> Provided data
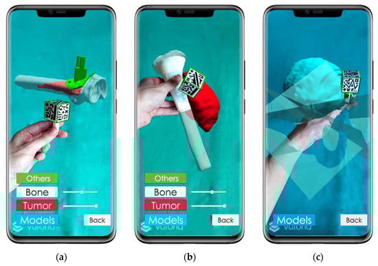 - In the Demo mode, all the virtual 3D models are displayed around the AR marker, without any patient registration (Figure 4a). The AR marker can be rotated to show the virtual models from any point of view.
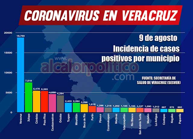 El municipio de Coatzacoalcos suma 5,393 casos; Minatitlán 2,394; Cosamaloapan 1,286; San Andrés Tuxtla 1,137; Tierra Blanca 708; Cosoleacaque 708; Tres Valles 424; Nanchital 370; Acayucan 321; Las Choapas 315; Lerdo de Tejada 310; Agua Dulce 307; Carlos A. Carrillo 255; Jáltipan, 245; Isla 231; Santiago Tuxtla 202; Ángel R. Cabada 219; José Azueta 174 y Catemaco 181.
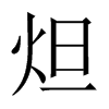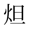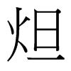 炟【巳集中】【火部】 康熙筆画:9画,部外筆画:5画
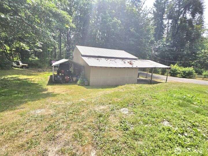 This property has a lot to offer! Rambler in good condition on a pretty, one acre lot. Living room with cozy wood stove and laminate hardwood throughout. Large metal shop with power and woodstove, separate utility storage area and covered carport. Large woodshed by the house plus a small outbuilding. Lovely patio and garden setting , a generous garden space and beautiful acreage bordered by tall firs. Excellent rural location, not far from all amenities.

> Activity
When you copy the data, keep every line exact and leave out each picture.

> Result of the exercise
 - In the Demo mode, all the virtual 3D models are displayed around the AR marker, without any patient registration (Figure 4a). The AR marker can be rotated to show the virtual models from any point of view.
 El municipio de Coatzacoalcos suma 5,393 casos; Minatitlán 2,394; Cosamaloapan 1,286; San Andrés Tuxtla 1,137; Tierra Blanca 708; Cosoleacaque 708; Tres Valles 424; Nanchital 370; Acayucan 321; Las Choapas 315; Lerdo de Tejada 310; Agua Dulce 307; Carlos A. Carrillo 255; Jáltipan, 245; Isla 231; Santiago Tuxtla 202; Ángel R. Cabada 219; José Azueta 174 y Catemaco 181.
 炟【巳集中】【火部】 康熙筆画:9画,部外筆画:5画
 This property has a lot to offer! Rambler in good condition on a pretty, one acre lot. Living room with cozy wood stove and laminate hardwood throughout. Large metal shop with power and woodstove, separate utility storage area and covered carport. Large woodshed by the house plus a small outbuilding. Lovely patio and garden setting , a generous garden space and beautiful acreage bordered by tall firs. Excellent rural location, not far from all amenities.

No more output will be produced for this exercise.